She also printed up my STD test form. I saw a brand new doctor for these tests and did it after I left her. For some reason that doctor marked on her chart that I had "organic delusional syndrome." I had never heard of this but I've since looked it up. I'm not sure why that's on my chart and bi-polar is blank. I told her I was bi-polar. The doctor visit was short. Pee in a cup and give them some blood samples. There was nothing even remotely like a psych evaluation and she isn't a mental health professional either...

Anyway my lawyer, in our response, put in there that neither of us should violate HIPPA laws to gather evidence for the court.

The HIPPA violations are a big deal. I've already spoken with and hired a second attorney to pursue this issue for me but I have not given her permission to act. She keeps pressuring me to do it.

She will file the forms with HHS and file a complaint with the state attorney general. That is two felonies that each carry a mandatory minimum sentence of six months in federal prison up to ten years. And fines between $10,000 and $250,000. Per offense. 

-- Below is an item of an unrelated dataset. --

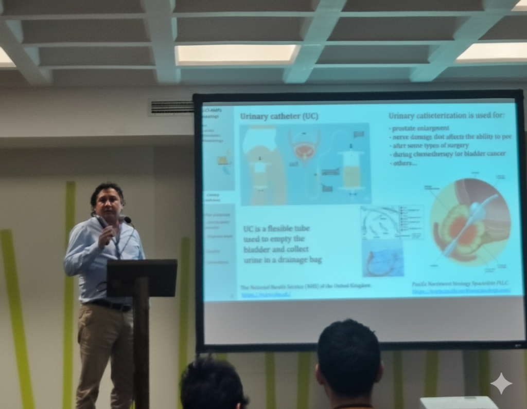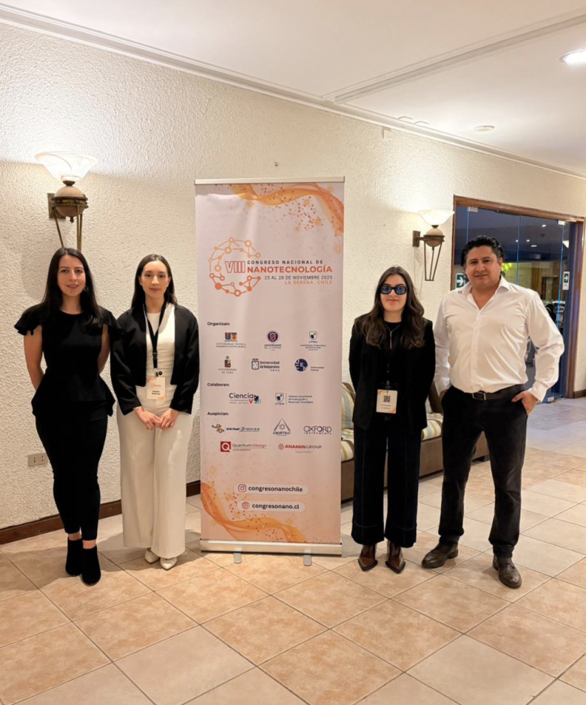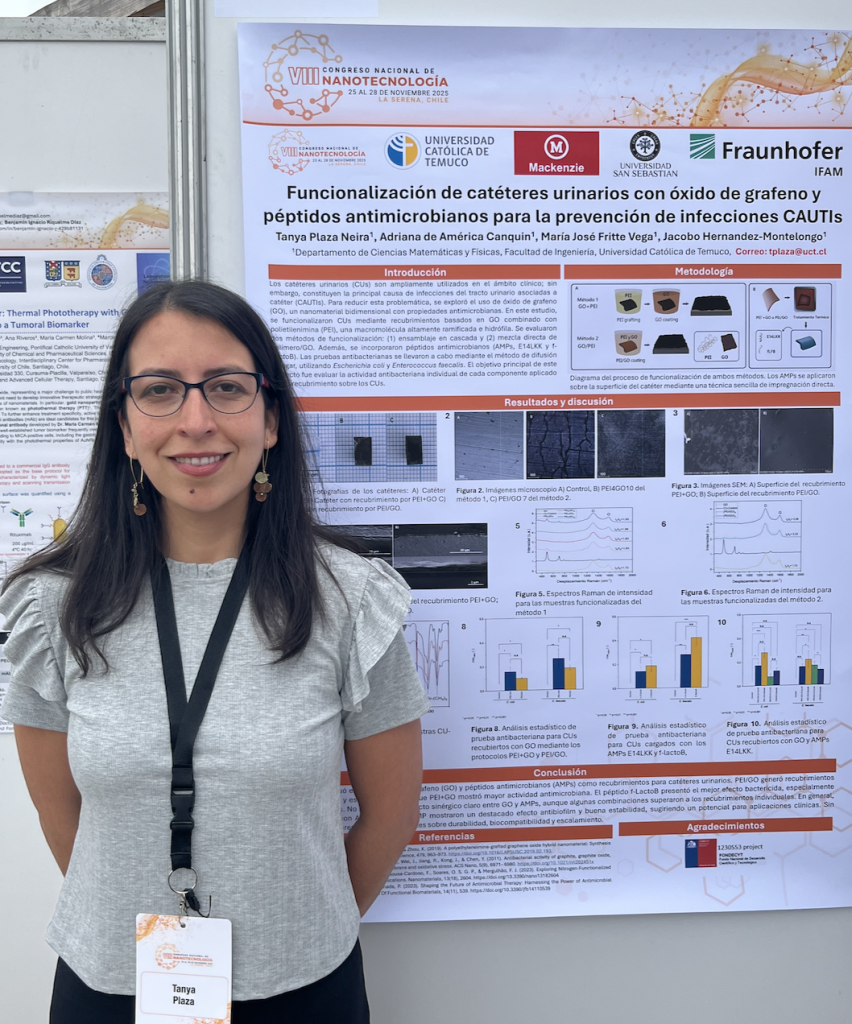 Durante la semana del 24 al 28 de noviembre de 2025, el equipo del Laboratorio de Biofísica y Biomateriales (LaBB) de la Facultad de Ingeniería de la UCT participó activamente en el VIII Congreso Nacional de Nanotecnología (CNN8), uno de los encuentros científicos más relevantes del país en esta área, realizado en la ciudad de La Serena (https://www.congresonano.cl/). El Dr. Jacobo Hernández Montelongo, responsable del LaBB, presentó la ponencia oral “Antibacterial and Molecular Dynamics Evaluation of Graphene Oxide–Peptide Coatings on Urinary Catheters”; en ese sentido, la técnico de investigación Tanya Plaza presentó el póster “Funcionalización de catéteres urinarios con óxido de grafeno y péptidos antimicrobianos para la prevención de CAUTIs”. Asimismo, las egresadas de la Facultad de Ingeniería y ex-tesistas del LaBB, Valentina Madariaga y Olga Durán, presentaron el póster “Nanocompuestos funcionales de óxido de grafeno y magnetita: una solución sustentable para el tratamiento de aguas contaminadas”, investigación desarrollada durante sus trabajos de titulación y orientada a aportar alternativas económicas y ecológicas a los procesos de descontaminación. El CNN8 continúa consolidándose como el principal espacio de encuentro de la comunidad nanotecnológica chilena. Año a año, congrega a investigadores, estudiantes y profesionales que buscan compartir resultados, recibir retroalimentación especializada, conocer las tendencias emergentes del campo y establecer nuevas redes de colaboración que potencian el desarrollo científico nacional. La participación del LaBB en esta versión del congreso se enmarca en las actividades del proyecto Fondecyt Regular N.º 1230553, lo que refleja el compromiso del laboratorio con la investigación de frontera y la formación de nuevas generaciones de especialistas. ¡Felicitaciones al Laboratorio de Biofísica y Biomateriales por su activa, diversa y exitosa presencia en uno de los eventos más importantes de la nanotecnología en Chile!

And then we will sue my ex and Coventry and we will sue her supervisor that helped her.

I've been assured that this is an open and shut case and that Coventry will settle with me for a rather significant sum of money.

About half of my friends are incredulous that I haven't done this yet. And the other half tell me it's a horrible idea and that if I do this and destroy my ex's job, her ability to get a job in the future, and possible put her in prison that my son will hate me for it in the future.

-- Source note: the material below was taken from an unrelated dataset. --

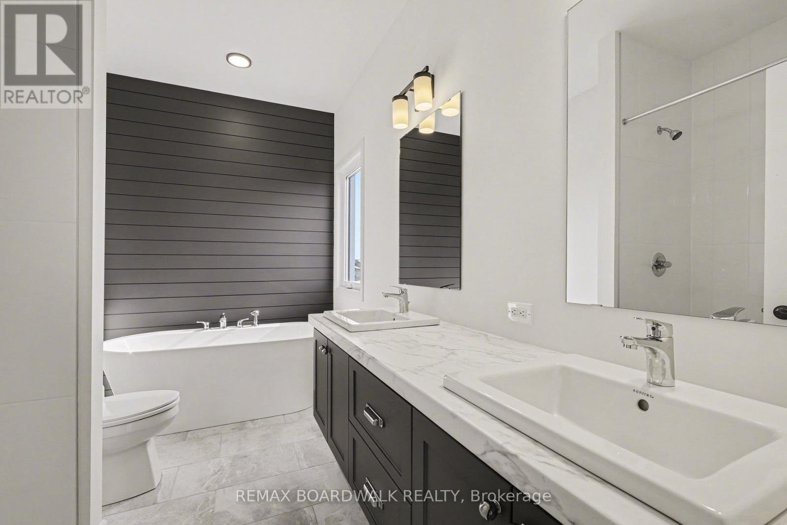 New 2025 - Melanie Construction "Vienna II" Model - Ready. This stunning 4-bedroom single-family home showcases exceptional craftsmanship, thoughtful upgrades, and a beautifully expanded layout designed for modern living. The upgraded double-car garage has been extended by 2ft, allowing for 2 full garage doors and an enlarged laundry room for added convenience. Step into the impressive sunken front entrance, accented with ceramic tile, and flow into the bright and spacious open-concept main floor. The gourmet kitchen is a true showstopper, featuring quartz countertops, an oversized center island, walk-in pantry, and upgraded finishes throughout. The adjoining family room offers a warm and inviting space highlighted by a beautiful gas fireplace. A front study with French doors and a full closet provides the ideal home office or optional guest room. Additional main-floor upgrades include a man door in the garage and a rear door off the laundry room complete with a landing and stairs for added accessibility. Enjoy outdoor living on the upgraded 12' x 12' rear deck, perfect for relaxing or entertaining. The second level impresses with 9ft ceilings and four generous bedrooms, including a luxurious primary suite featuring coffered ceilings, a massive walk-in closet, cathedral-style ceiling detail, and a spa-inspired ensuite with a roman tub and separate shower. The fully finished basement adds even more value, offering a spacious recreation room, a bedroom, and a full bathroom, all finished with luxury vinyl flooring, along with 9 ft ceilings for an open and airy feel. With its premium upgrades, thoughtful enhancements, and high-quality finishes, this Vienna II model delivers exceptional style, comfort, and functionality for today's modern family.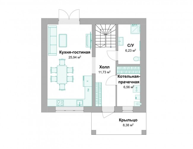 Проект рассчитан на семью из 3-5 человек. Первый этаж занимает просторная кухня-гостиная с выходом во внутренний двор. В большой котельной помимо отопительного оборудования легко разместится удобная прачечная для хозяйки. Два полноценных санузла и три спальни в этом доме позволят с комфортом жить в нём любой семье.

My son is two years old. He knows like twenty words. His favorites are candy and no. And it's not like if she goes to prison he's going to the orphanage or something.

She knows that I can do these things but at the same time she is sooooo deep in denial about EVERYTHING that she doesn't get it. When I try to tell her about it she mentally shuts down with anger. Everything still is and always will be my fault entirely and she is completely incapable of taking any responsibility for her many infidelities, our marriage failing, her stealing my identity countless times, or anything at all.

Honestly I just want her to give me joint physical custody. I have everything else I wanted and more because I'm lucky and court went super insanely well for me. But I don't have that and I want my son. I don't care about money.

I guess I know what I should do. I just hate it. Does anyone think I shouldn't move forward like tomorrow?


----------



## ThePheonix (Jan 3, 2013)

rustytheboyrobot said:


> And then we will sue my ex and Coventry and we will sue her supervisor that helped her.


Don't follow your attorney's advice at your own peril my man. You'll only be sorry once and that will be for the rest of your life. I'm surprised your attorney hasn't filed to exclude the records.


----------



## Thound (Jan 20, 2013)

If she goes to prison who gets custody. Burn the b1tch


----------



## turnera (Jan 22, 2010)

Do what your lawyer says. He/she is not partial and will do what's best to protect you.

Have you actually said to her: "My lawyer will be filing ABC tomorrow to get you and your supervisor put in jail. You have one chance to stop this: agree to joint custody and sign our papers stating you can never speak of these issues again or you'll be in jail. What will it be?"


----------



## 3putt (Dec 3, 2012)

Never shield the WSs from the consequences of their actions. This is tough, I know, but it's a no-brainer at the same time.


----------



## adriana (Dec 21, 2013)

So, basically, she hasn't hesitated to break the law to screw you as much as she can and you still don't know what to do about it?


----------



## MovingAhead (Dec 27, 2012)

My EX violated my civil rights a few times. I went to the police and DA for trespassing and breaking into my phone. Your EX is breaking the law.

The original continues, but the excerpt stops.